Malheureusement, au niveau politique, il semblerait que ce problème de nature environnement et santé publique ne soit pas une priorité.

 

En 2002, l’Union Européenne appuie le nettoyage de la ville de Moroni.

« Depuis novembre 2002, le plan d’urgence pour la gestion des déchets à Moroni est opérationnel. Ce programme est financé par l’UE sous le 8ème FED. »

 

             Extrait La Gazette des Comores

 

L’objectif est l’amélioration de l’état sanitaire des populations. Un ramassage d’ordures ménagères est réalisé régulièrement par deux entreprises ainsi qu'une sensibilisation aux habitants. Mais actuellement les déchets s'entassent rapidement dans les rues.

 

La gestion des déchets :

 

Trois catégories de déchets sont à prendre en considération de façon globale :

 

les déchets ménagers dont les quantités grandissent avec les consommations

 

les déchets industriels liés à la consommation énergétique de l’île et la production d’encombrants

 

les déchets hospitaliers qui sont aussi à prendre en compte dans les dispensaires de brousse

 

A Ifoundihé il n'y a ni entreprise, ni hôpital, ni dispensaire à ce jour.

 

           

Ifoundihé, village propre - et pourquoi pas ! :

 

 

Ce village compte environ 500 habitants et comme dans toute l’île, la présence de décharges sauvages sans tri ni traitement se voit un peu partout.

Une situation comme celle-ci affecte la santé des villageois.

 

Nos objectifs :

 

  Prévenir les maladies

 

  Améliorer l’hygiène

 

  Assurer la propreté du village

 

  Offrir une image de propreté pour un meilleur accueil

 

Les actions à mettre en place :

 

  Faire trier des déchets dans tous les foyers

 

  Emmener les déchets dans un lieu sélectionné

 

  Brûler les déchets qui se consument

 

  Trouver un moyen d'évacuer les déchets non consumables

 

        

Ce qui nécessite :

 

  Un changement dans les manières de faire

 

  Une sensibilisation profonde à long terme pour les villageois

 

  Une formation de quelques personnes pour la gestion des déchets

 

  Nettoyer le village avec des moyens appropriés

 

gestion des déchets

 

 

Types de déchets rencontrés dans le village : papiers en tout genre, boîtes de conserve, plastiques : sachets, bouteilles plastique, bouteilles en verre, piles, résidus de légumes, épluchures, cocos…, parfois quelques pansements, enveloppes de médicaments en plastique dur, bombes désodorisantes, rasoirs manche plastique, vaisselle cassée, linge abîmé…

 

  Possibilité de brûler : papiers, cartons, pansements, enveloppes de médicaments, couches

 

  Possibilité d’enfouir ou d'évacuer : boîtes de conserves

 

  Possibilité de donner aux animaux (vaches et chèvres) : épluchures, résidus de légumes

 

Pour le reste, rencontrer des instances dans la capitale pour la récupération de piles, de bouteilles en verre.
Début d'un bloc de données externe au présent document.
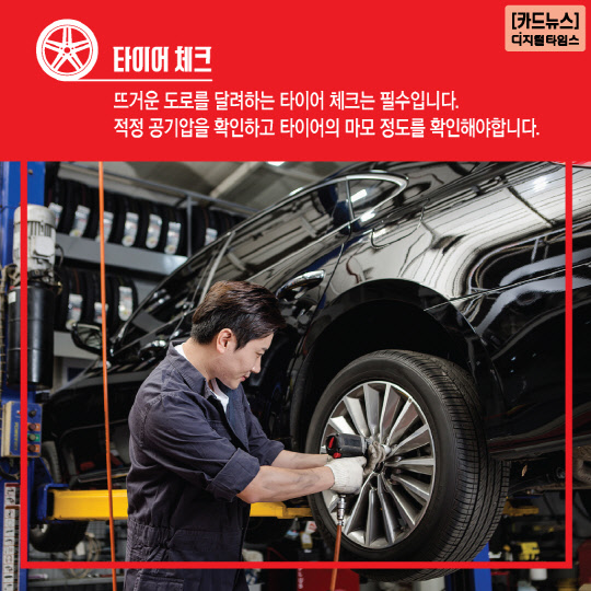 뜨거운 도로를 달려하는 타이어 체크는 필수입니다. 적정 공기압을 확인하고 타이어의 마모 정도를 확인해야합니다.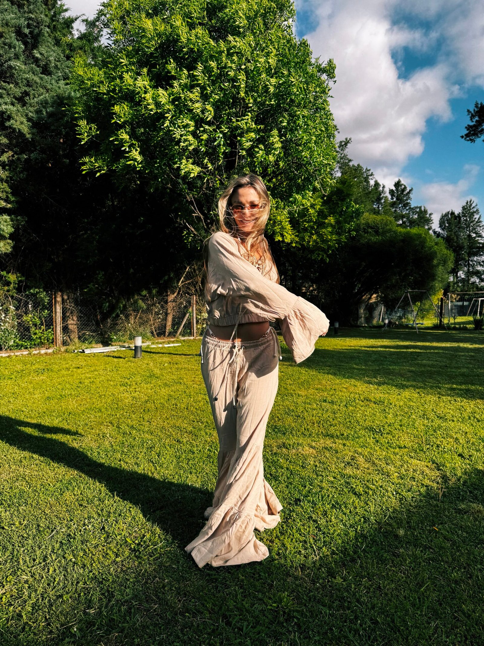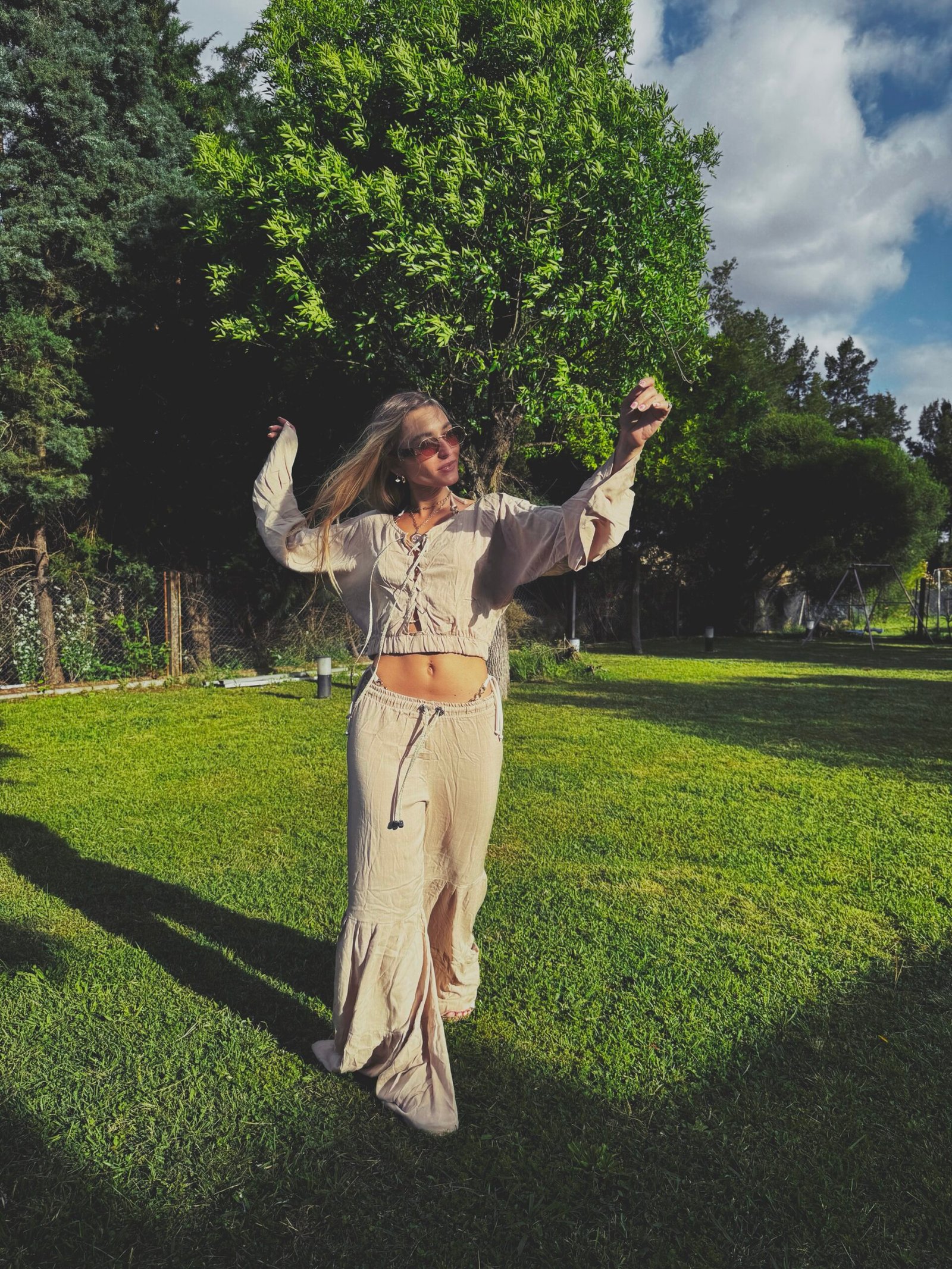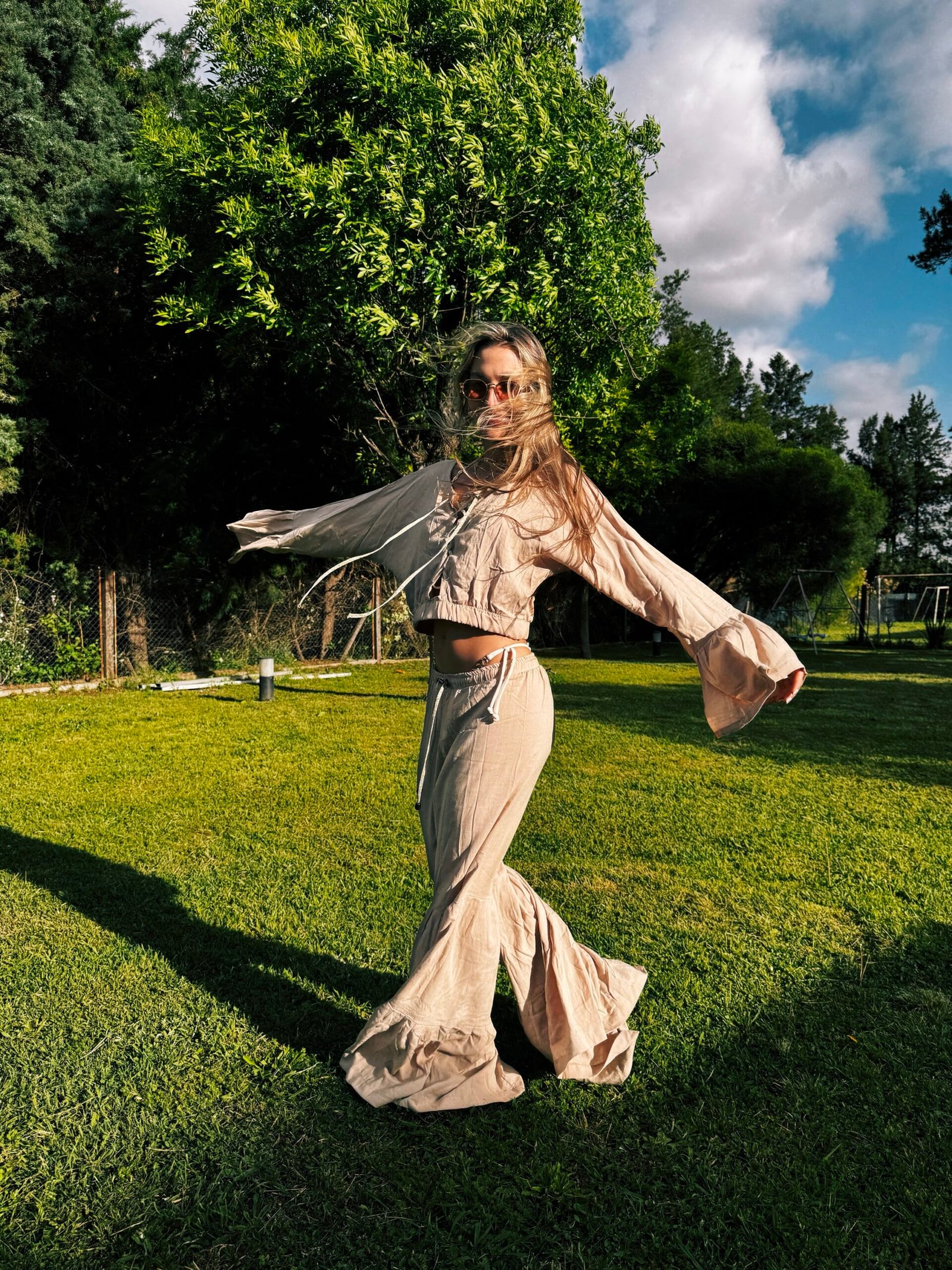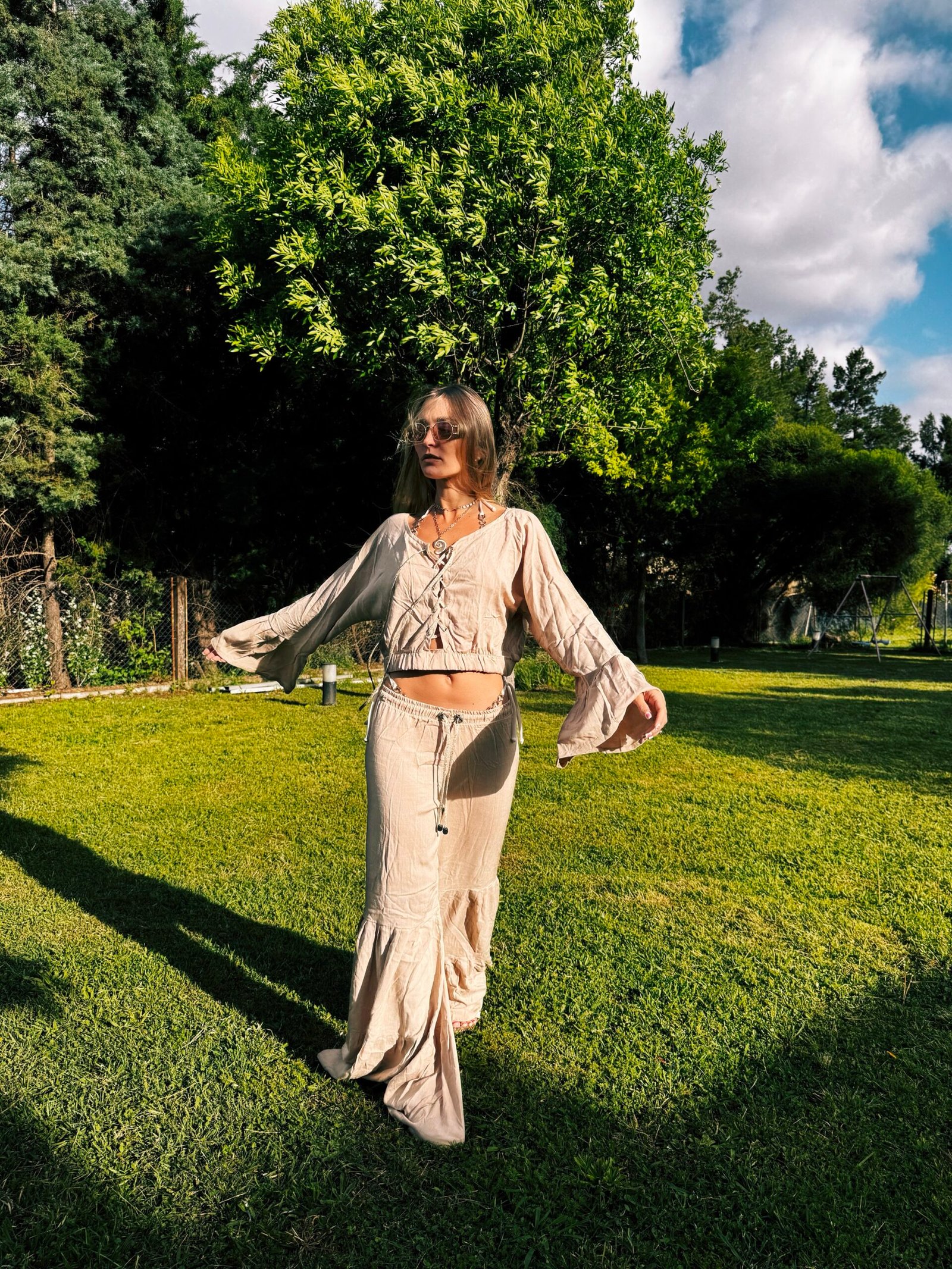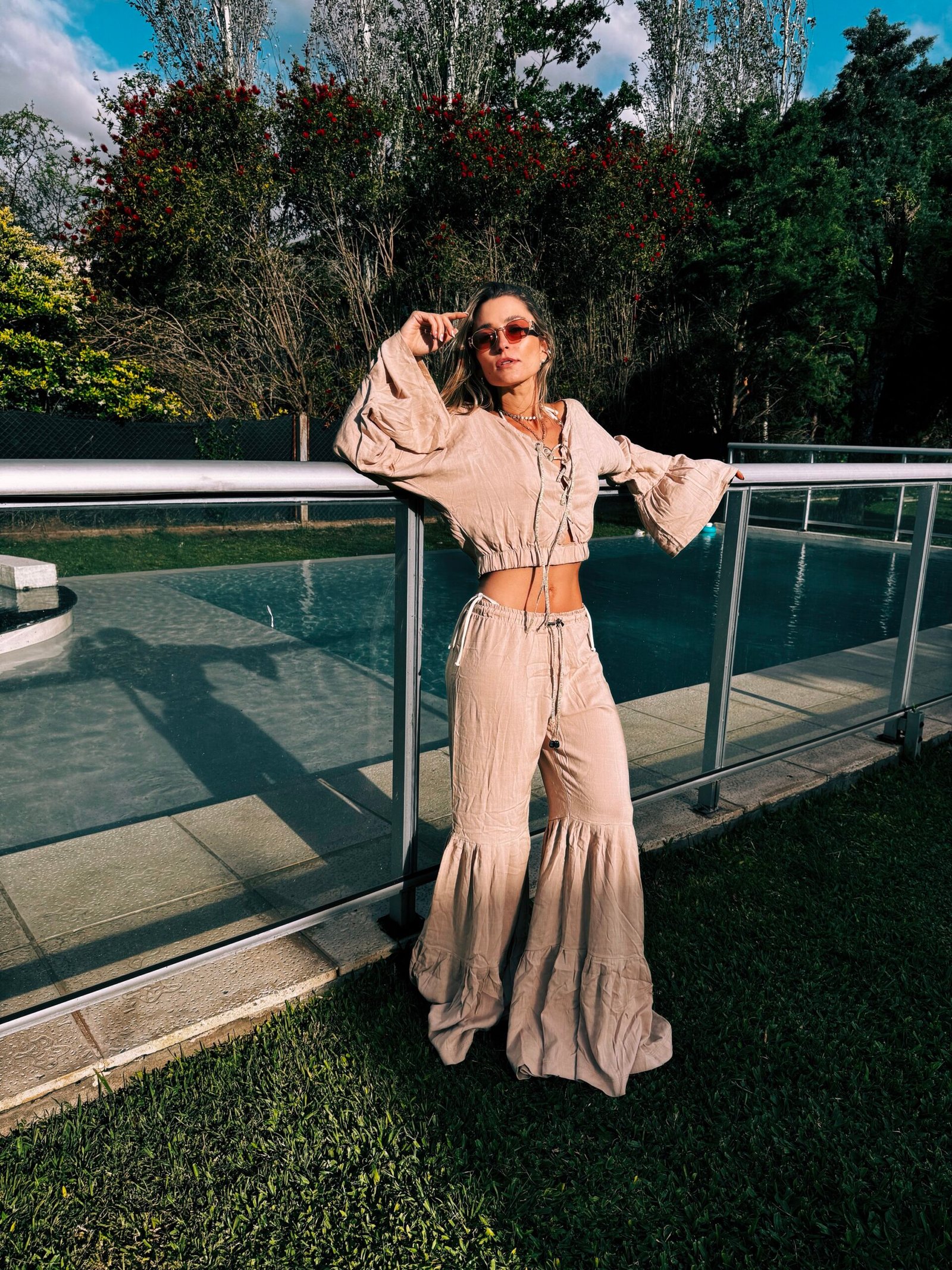 Pantalón con recortes que forman pliegues y volados

Faire une campagne contre l’utilisation des sacs plastiques.

 

Nos éventuels partenaires :

 

  Contacter Mr Leclerc qui promeut l’environnement sans sacs plastiques. Demande de gants pour nettoyer le village et aide pour prospectus de sensibilisation.

 

  Contacter le ministère de l’environnement à Moroni.

 

  Contacter un ou deux mécénats en France pour financer l’achat de containers.